Sander, on the other hand, got rid of the seed business and concentrated on orchids. His premises soon proved to be too small to house his enormous collections, and in 1881 he acquired 4 acre of ground in St Albans on which to build a new nursery and home. The greatly enlarged quarters and Sander's business acumen supported the employment of up to twenty three collectors to search forests and mountainous areas in Asia and South America for new species. Some sixty greenhouses accommodated the vast stock of the finest orchids to be found. Large conservatories were given over to the production of seed, and new hybrids were constantly evaluated. Sander's of St Albans handled about two million plants in the 1880s and 1890s, becoming the focus of orchid culture in Europe, where crowned heads were familiar visitors. Sander published various addenda to his Book of Hybrids, properly titled Sander's Complete List of Orchid Hybrids (St Albans 1906).

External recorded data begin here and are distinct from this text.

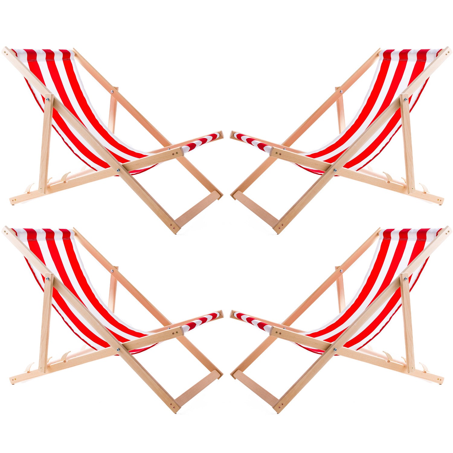 4 kényelmes fa nyugágy, piros csíkos, ideális strandra, erkélyre, teraszra, összeállítva.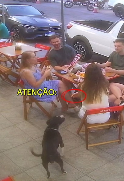 No vídeo, registrado pelas câmeras de segurança, o cachorro se aproxima com cautela. A cliente se distrai por um segundo, com a polenta ainda na mão.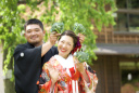お色直しをご希望されていた花嫁様。白無垢姿から、一転して艶やかなお姿に。ご家族と一緒にロケーションフォトのスタートです。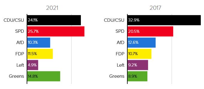 Alianța CDU-CSU a pierdut 12 puncte procentuale în rândul femeilor comparativ cu alegerile din 2017. În rândul bărbaților procentul a scăzut cu 6%.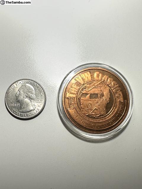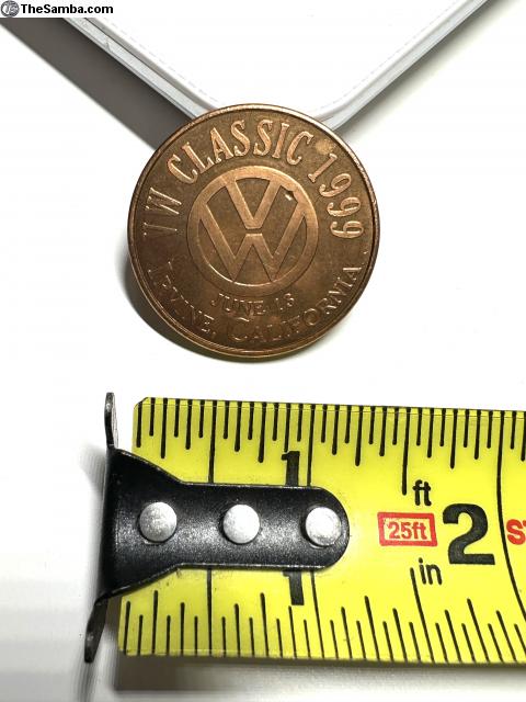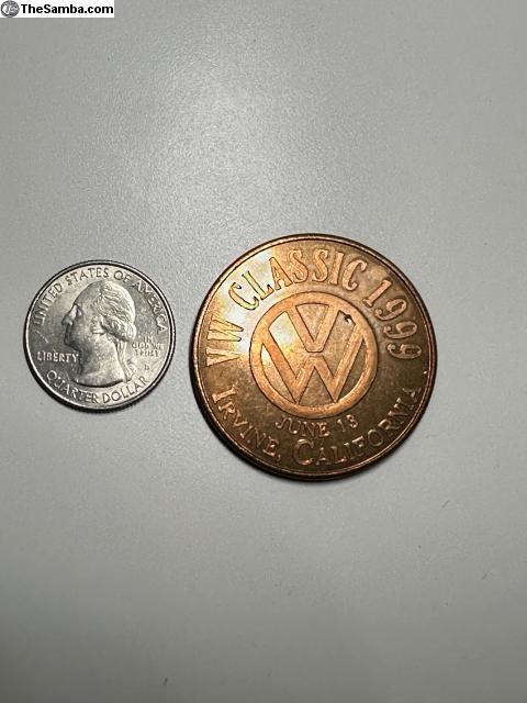 The VW Classic June 13, 1999 memorabilia coin. Irvine, California. "The Greatest Volkswagen Show on Earth" Price includes shipping, tracking in mainland USA. Make sure address is deliverable. Sold as is. Please add 4% for PayPal.

In 1885 Sander envisioned the monumental publication Reichenbachia, which would depict orchids life-sized, with text in English, French and German. The folio edition measured a gigantic 678 mm x 510 mm (21.5 inches by 16 inches), and was bound in leather. The work appeared in two series of two volumes each. Volume one of series one was published in 1888 and had 108 pages and 48 plates. Volume two of series one appeared in 1890 with 106 pages and 48 plates. Volume one of series two appeared in 1892 with 52 plates in a 104-page volume. Volume two of series two, the final volume published, consisted of 114 pages with 55 plates. The volumes were in turn dedicated to Queen Victoria, the Empress of Germany and Queen of Prussia, the Empress of Russia, and Queen of the Belgians.

He commissioned his future son-in-law, Henry Moon, to do the illustrations for the monthly publication of what was to be called Reichenbachia, a work which would require their collaboration for the next few years. Work started in 1886 and went on until 1890, with turbulent disputes due to artistry conflicting with pragmatism. Moon married Sander's only daughter in January 1894, and spent another ten years painting orchids before his untimely death in 1905 at the relatively youthful age of 48.

With his commercial success, Sander planned American outlets in the 1880s, establishing a nursery in Summit, New Jersey, US and appointing one of his collectors, Forsterman, to manage the branch. The management logistics proved to be extremely complex, so that it was sold to John Lager and Henry Hurrell in 1896. This firm continued to operate until the 1970s, briefly moving from Summit to Lilburn, Georgia, US before being dissolved. Sander also started a nursery at St André in Bruges in 1894.

Sander is commemorated by the Orchidaceae genus Sanderella O.Kuntze as well as having an Alocasia species, Alocasia sanderiana, named after him. In 1913 he was awarded the Belgian Insignia of Chevalier of the Order of the Crown.